Portugal's Centeno Hopes for Europe-Wide Solution for Bad Loans

Portugal Finance Minister Mario Centeno discusses Greek debt relief, Portugal's economy, and the next successor to Mario Draghi. He spoke to Bloomberg's Nejra Cehic in Brussels. (Source: Bloomberg)

Portuguese Finance Minister Mario Centeno said he’s hopeful there will be a European approach to deal with non-performing loans affecting banks in the region, and if not his country will go ahead with its own attempt to address the problem.

“We are now discussing with the European Commission, hopefully, a European-wide solution, but if not we will advance on our own on a solution for NPLs,” Centeno said in a Bloomberg Television interview in Brussels on Tuesday. “It’s going to be a solution that has to work with market participants, both on the supply and demand sides.”

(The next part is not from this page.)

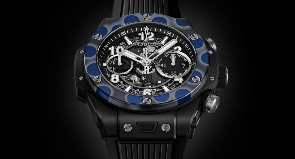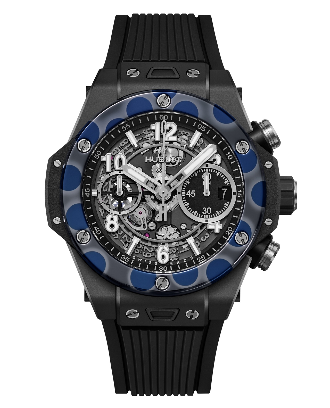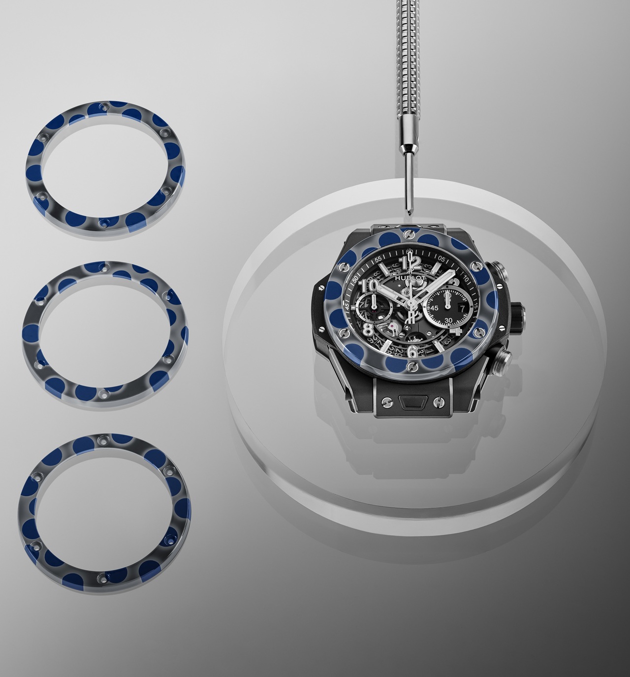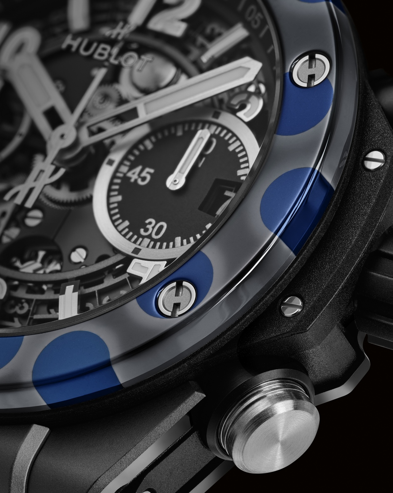 Такой деталью стал полированный безель, градиентный серый цвет которого сочетается с ярко-синими кругами, что входит в состав корпуса Big Bang из черной керамики диаметром 42 мм и толщиной 14.5 мм (WR 100M).

While Portugal exited its three-year international bailout program in 2014, it’s still dealing with pending issues including bad loans at banks. Credit at risk at Portuguese banks has been stuck at about 12 percent of the total for the last two years. Banco Comercial Portugues SA, Portugal’s biggest publicly traded bank, booked a record 1.6 billion euros ($1.8 billion) in impairments for 2016. For state-owned lender Caixa Geral de Depositos SA, impairments and provisions totaled 3 billion last year.

Centeno said on March 29 that Portugal estimates that about 5 billion euros may be enough to address the “big problems” in terms of non-performing loans hampering the country’s banks. The government is “envisaging creating a systemic solution that on the basis of a voluntary reaction from the banks to join the solution, will bring in new private capital,” he said at the time.